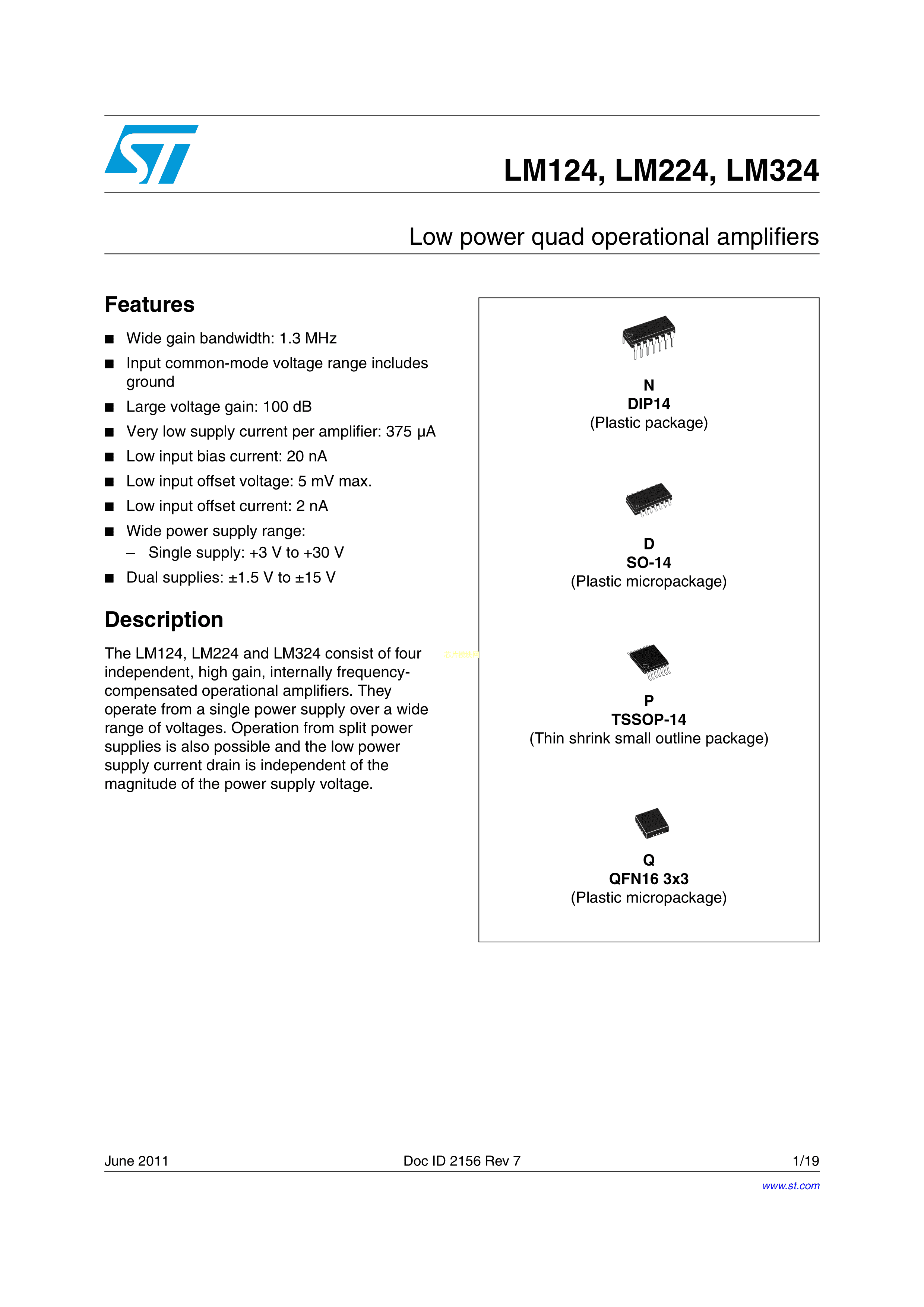 LM324DT数据手册SOIC-14_150mil封装ST(意法半导体)PDF规格书,中英文下载
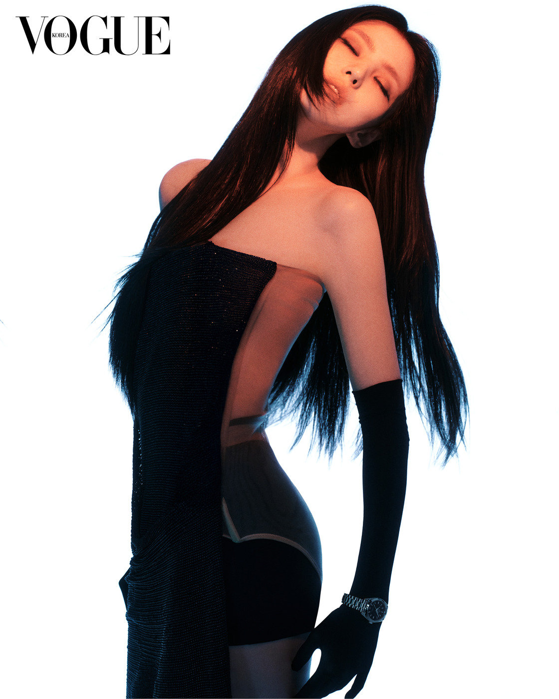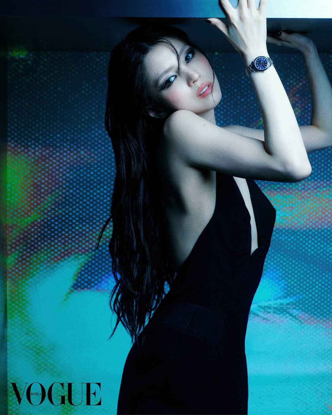 액션 영화의 한 장면처럼 유리로 된 스틸 케이스에 들어간 한소희. 그녀가 착용한 ‘아쿠아 테라 30mm’의 스틸 브레이슬릿과 실버 다이얼이 차가운 분위기를 한층 더한다. 가죽 튜브 톱은 마크공(Markgong).
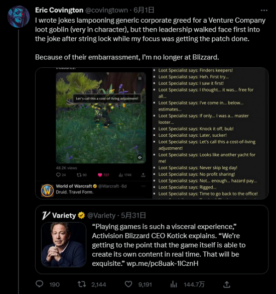 在昨天(6 月 1 日)《综艺》杂志刊登了动视 CEO Bobby Kotick 的采访。在采访中他的一些引发了许多人的不满,包括动视暴雪的员工,其中就有前《魔兽世界》编剧 Eric Covington。
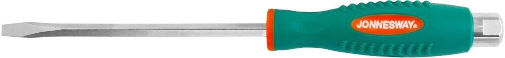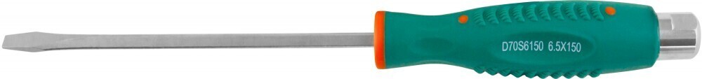Описание Стержневая отвертка серии "D70" со сквозной установкой стержня из хромомолибденованадиевой стали, намагниченным наконечником и затыльником рукоятки, выдерживающим воздействие удара, ограниченно превращающего отвертку в подобие кернера или выколотки. На затыльнике сформированы грани для применения рожкового ключа, увеличивающего крутящий момент при воздействии на резьбовой крепежный элемент. Современные материалы основы рукоятки обеспечивают снижение вибраций и реактивных моментов при ударной нагрузке, а сантопреновый, устойчивый к скольжению, верхний контактный слой - надежное удержание инструмента в руке. Область применения Применяются со всеми видами крепежа, имеющего врутренний рабочий профиль SL (шлицевой). Размеры
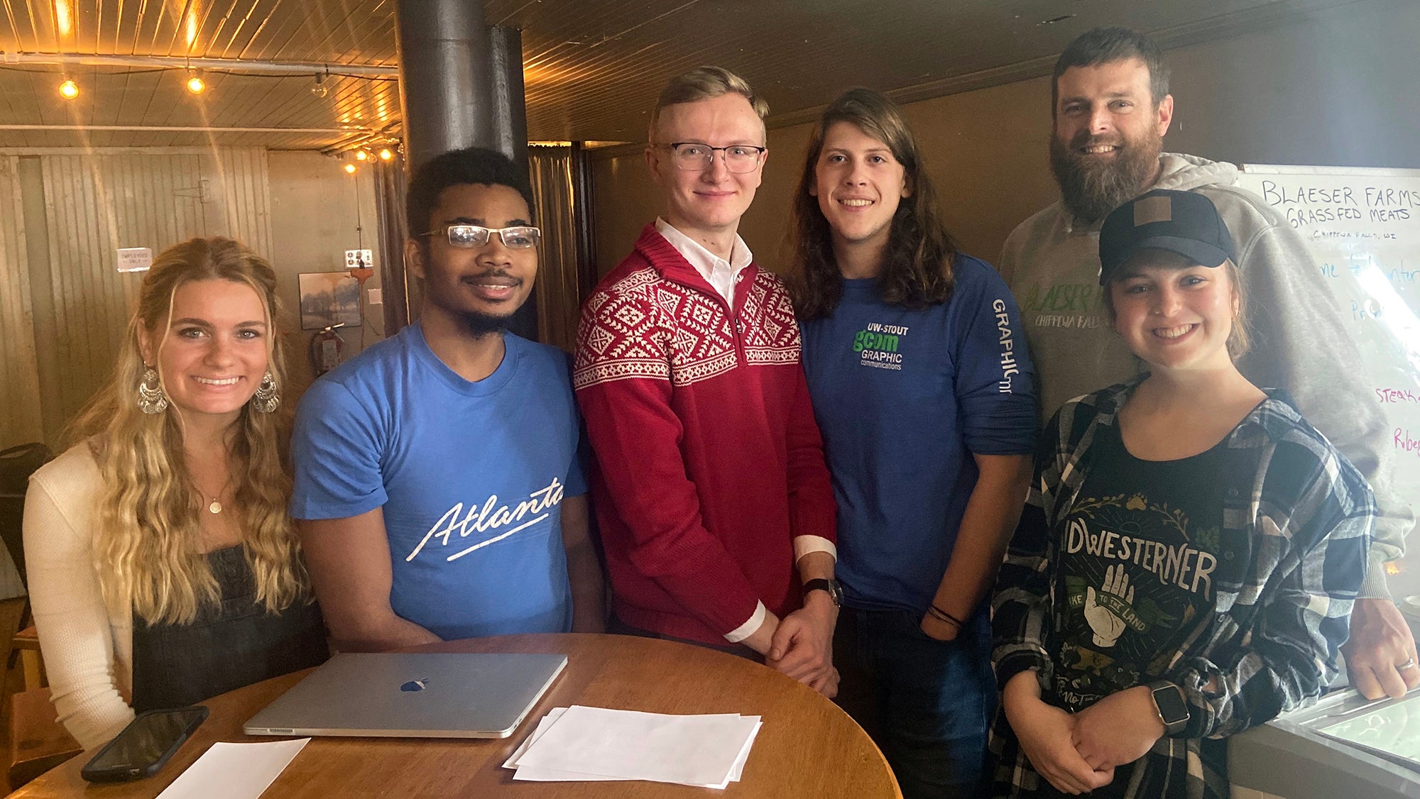 Josh Blaeser, owner of Blaeser Farms, second from right, with members of the UW-Stout Phoenix Challenge Competition Molly Perkins, at left, Nikolas Thomas, Eli Dupslaff, Matt Smith and Julia Otten.

Activity »
Each word of the data should be repeated exactly, and the pictures left out.

Exercise result »
 LM324DT数据手册SOIC-14_150mil封装ST(意法半导体)PDF规格书,中英文下载
 액션 영화의 한 장면처럼 유리로 된 스틸 케이스에 들어간 한소희. 그녀가 착용한 ‘아쿠아 테라 30mm’의 스틸 브레이슬릿과 실버 다이얼이 차가운 분위기를 한층 더한다. 가죽 튜브 톱은 마크공(Markgong).
 在昨天(6 月 1 日)《综艺》杂志刊登了动视 CEO Bobby Kotick 的采访。在采访中他的一些引发了许多人的不满,包括动视暴雪的员工,其中就有前《魔兽世界》编剧 Eric Covington。
Описание Стержневая отвертка серии "D70" со сквозной установкой стержня из хромомолибденованадиевой стали, намагниченным наконечником и затыльником рукоятки, выдерживающим воздействие удара, ограниченно превращающего отвертку в подобие кернера или выколотки. На затыльнике сформированы грани для применения рожкового ключа, увеличивающего крутящий момент при воздействии на резьбовой крепежный элемент. Современные материалы основы рукоятки обеспечивают снижение вибраций и реактивных моментов при ударной нагрузке, а сантопреновый, устойчивый к скольжению, верхний контактный слой - надежное удержание инструмента в руке. Область применения Применяются со всеми видами крепежа, имеющего врутренний рабочий профиль SL (шлицевой). Размеры
 Josh Blaeser, owner of Blaeser Farms, second from right, with members of the UW-Stout Phoenix Challenge Competition Molly Perkins, at left, Nikolas Thomas, Eli Dupslaff, Matt Smith and Julia Otten.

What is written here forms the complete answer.